I am of the view that due to commercialization of education, the biggest damage has been done to the utility of moral value in our educational system. Historically, India regarded ‘Shiksha’ as a noble tool to eradicate ignorance and help knowledge prevail. But I feel with the opening up of dozens of ‘educational corporations’, we have lost the moral touch in our education.

To undo the damage, NIOS has come up with many community-oriented courses and Life Enrichment Programme on - Education in Human Values, Bharatiya Culture and Heritage, Child Labour Women Empowerment, People of India, Great Personalities of India and programmes on Yoga.

Besides the rigid 9-1 school schedule needs to be restructured. There should also be flexible System of examination and grading system as I feel that just on the basis of 3 hours of examination, we can not estimate a student’s abilities wholly.

How NIOS plans to bring about changes in the vocational educational system?
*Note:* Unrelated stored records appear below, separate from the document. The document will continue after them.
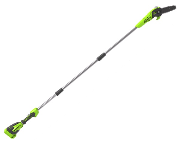 Potatore A BATTERIA - Art.GWM1401107. Permette di lavorare da terra in tutta sicurezza. La batteria agli ioni di litio G-MAX 40V offre bassi costi di gestione, bassi costi di manutenzione, senza fumi spiacevoli da respirare e senza emissioni nocive per l'ambiente. Il potatore richiede solo una batteria. Una seconda può quindi essere tenuta sotto carica. Caratteristiche Grazie alla sua asta, si può raggiungere una lunghezza totale di 2,5 m. e quindi raggiungere i rami senza sforzo. Alimentazione a batteria. Le batterie Greenworks garantiscono alte prestazioni e lunga durata grazie all'elevata capacità di carica. Il caricabatteria è dotato di Led per indicare la ricarica in corso. 4 led sulla batteria indicano la carica residua. Le batterie possono essere ricaricate in qualsiasi momento "senza alcun effetto Memoria". Le batterie sono sempre pronte per lavorare anche dopo mesi di stoccaggio. Batteria compatibile con tutti i prodotti Greenworks entro i 40V.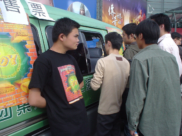 솔직히 큰 땅 덩어리 중국의 게임쇼에 대한 환상이 너무 컸던 탓일까? 기대보다 전시장 규모는 작았다. 한국 게이머들에게 익숙한 코엑스 전시장 정도의 규모라고 생각하면 이해가 쉬울 것이다. 게다가 필자를 더욱 놀라게 했던 건 입장권을 봉고차에서 판매하고 있었다는 사실~! 자본주의의 물결이 휘몰아치는 중이라고는 해도 고부가 엔터테인먼트 사업에 대해 이제 걸음마를 떼기 시작했기 때문일까 상상도 못했던 광경이었다.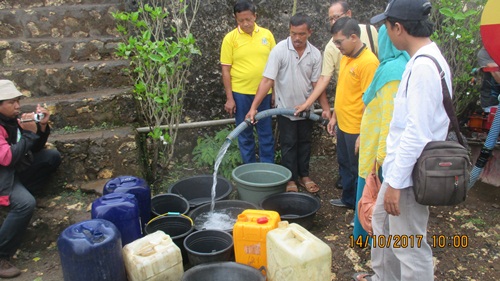 PANGGANG, Minggu Pon – Berdasarkan hitungan Rumah Aspirasi Slamet, S.Pd. MM – Titiek Soeharto hingga Oktober 2017, masyarakat Gunungkidul yang membutuhkan air bersih masih cukup banyak. Hujan akhhir September silam belum mengisi ribuan Penampungan Air Hujan (PAH). Berkenaan dengan hal tersebut Rumah Aspirasi terus bergerilya membantu pengiriman air bersih.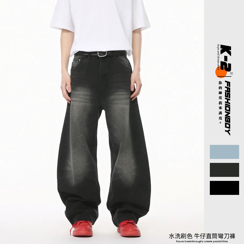 【K-2】Cleanfit boxy 水洗刷色 直筒彎刀褲 貓須 彎刀褲 鐮刀褲 廓形 牛仔褲 長褲【WH071X15】黑灰色,M|黑灰色,L|黑灰色,XL|淺藍色,M|淺藍色,L|淺藍色,XL|復古藍,M|復古藍,L|復古藍,XLK-2 Fashionboy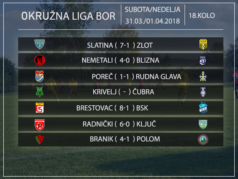 Na šest utakmica 18. Kola Okružne lige Bor postignuta 34 gola. Ubedljive pobede Brestovca, Slatine i Radničkog. Četvorke Branika i Nemetala. U sredu od 16 sati odložene utakmice 16. kola.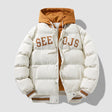 Abrigo de algodón con capucha y letras de moda, chaqueta cálida de invierno con cremallera sólida para hombres y adolescentes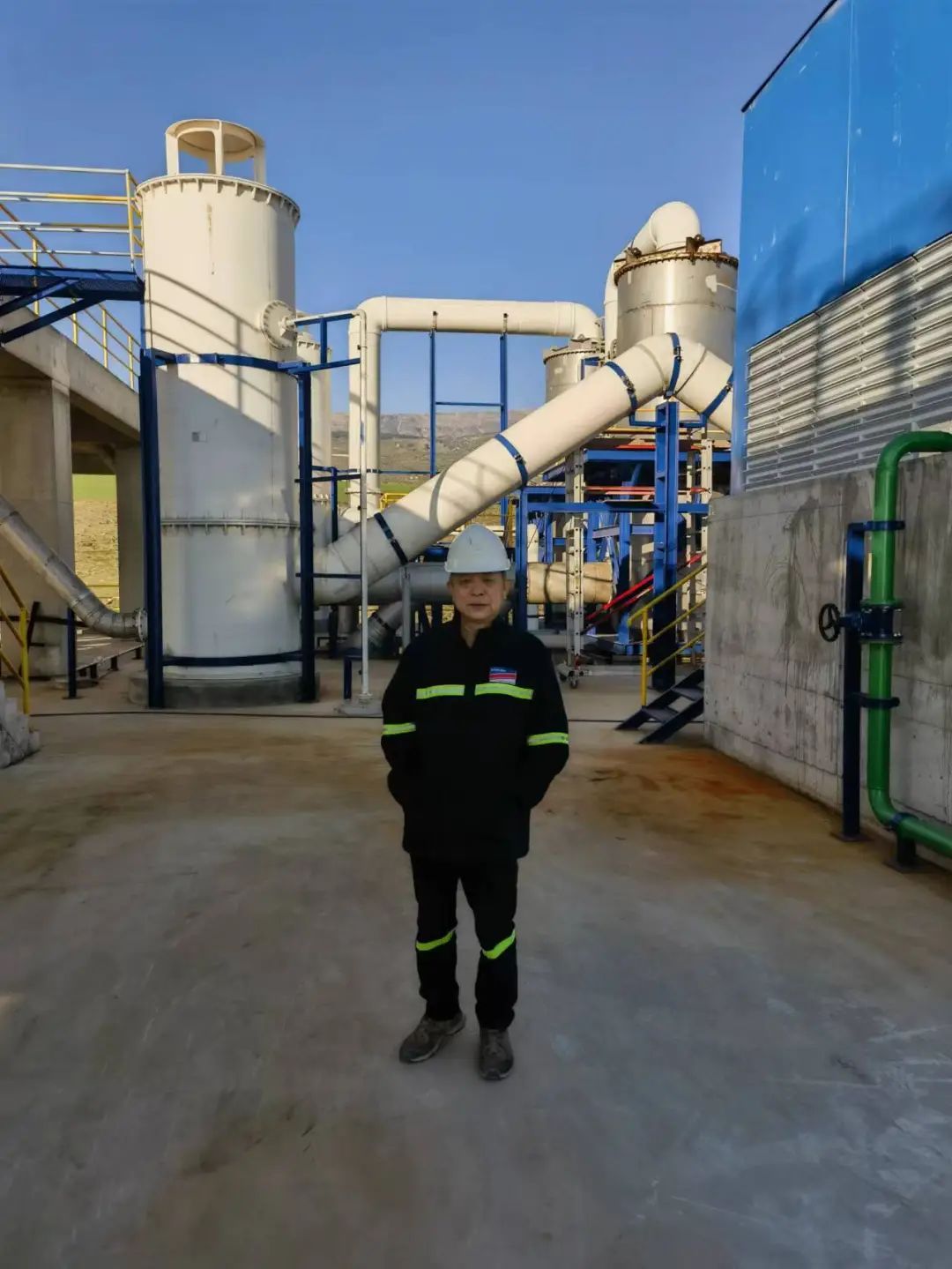 2023年,覃晓刚在他提供生产技术并负责设计的生产装置前留影(该装置位于土耳其哈塔伊省)。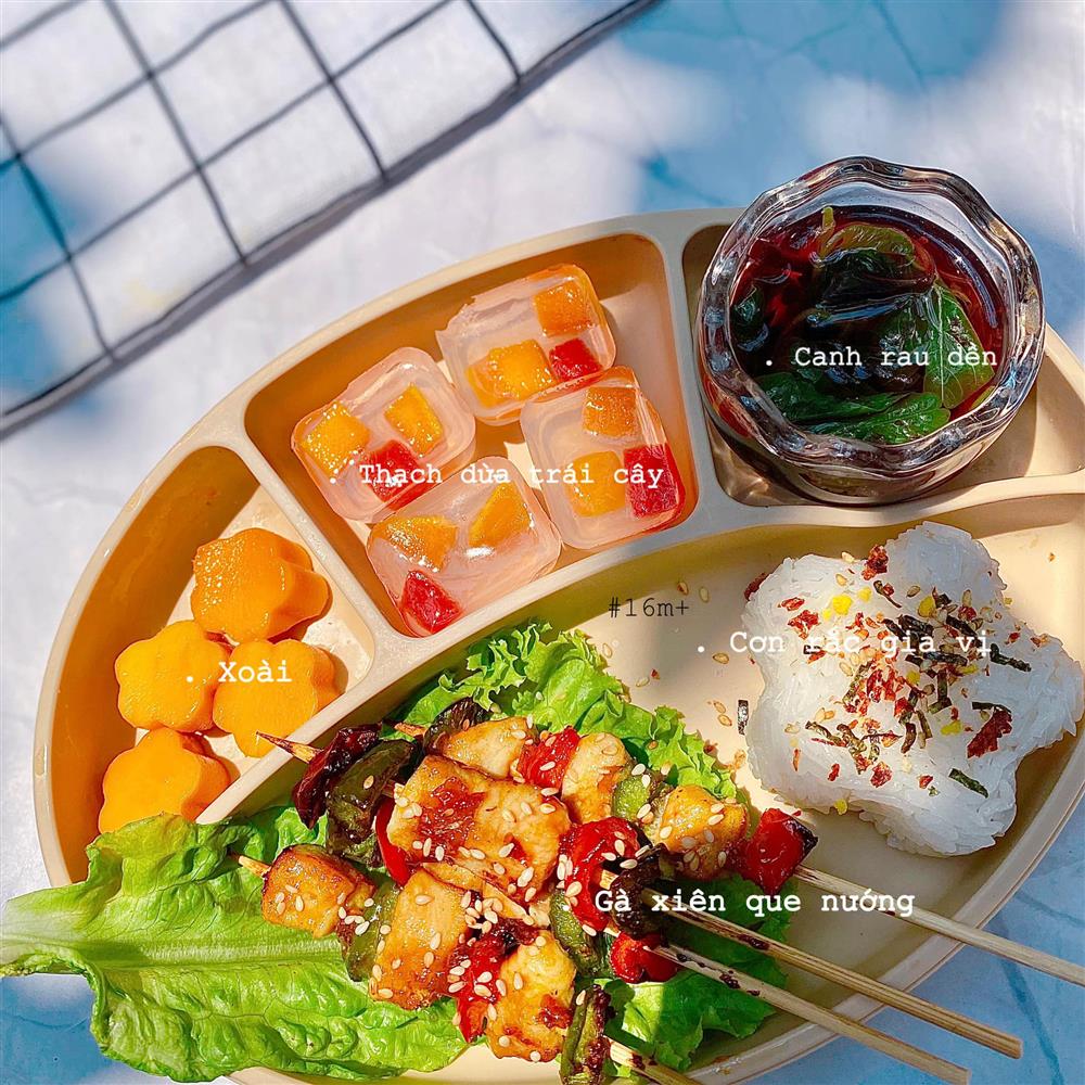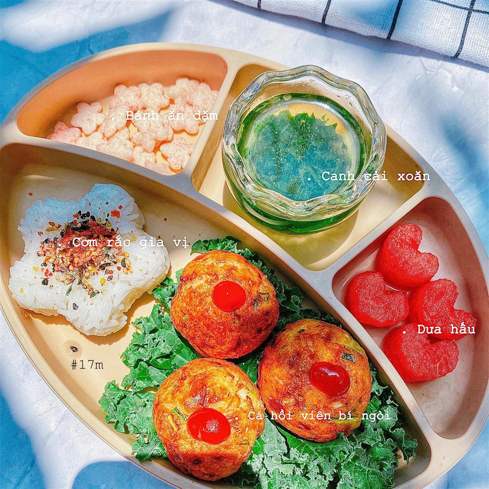 Mỗi bữa ăn của con đều được mình đảm bảo đủ 4 nhóm: tinh bột, đạm, béo và vitamin. Bên cạnh đó mình cũng thế biến các món nhiều màu sắc để hấp dẫn bé hơn. Việc trang trí món ăn không quá khó. Một số mẫu mình tham khảo trên mạng, có mẫu tự nghĩ ra. Các chi tiết trên đĩa cơm đa phần được nặn bằng tay, chi tiết khó mới dùng khuôn.

Gone are the days when nobody wanted his/her child to be a tailor, as yesterdays tailor is today's famous fashion designer. It is only a question of nomenclature. Today, undoubtedly, a good furniture designer (or as earlier termed-carpenter) can earn much more than a bad doctor. Children today are lucky that the world has opened up with so many non-traditional career options. Many of them don't even require any formal qualifications.

NIOS is not only instrumental in generating awareness about the importance of vocational education but also offers quality vocational education keeping in view the needs of the target groups. Presently NIOS offers 76 courses in the broad areas of Agriculture, Engineering and Technology, Health and Paramedical Home Science, Humanites, Hospitality management, Computer and IT related sections, Business and Commerce and Teacher training etc.

What are the highly sought–after courses these days?

Going by the popularity of courses at NIOS, humanites courses and vocational courses such as courses in IT and Hardware Maintenance, beauty courses, TV repairing, web designing, air-conditioning, four wheeler mechanism, secretarial procedure, Radiography and computer applications  are among the most popular ones.

Any suggestion for the future leaders of tomorrow?

Yes, I believe India is home to great talents and our students not only have the desire but also the potential to reach the stars.
I also feel that besides focusing on their dreams they should not let go of their moral and cultural values too.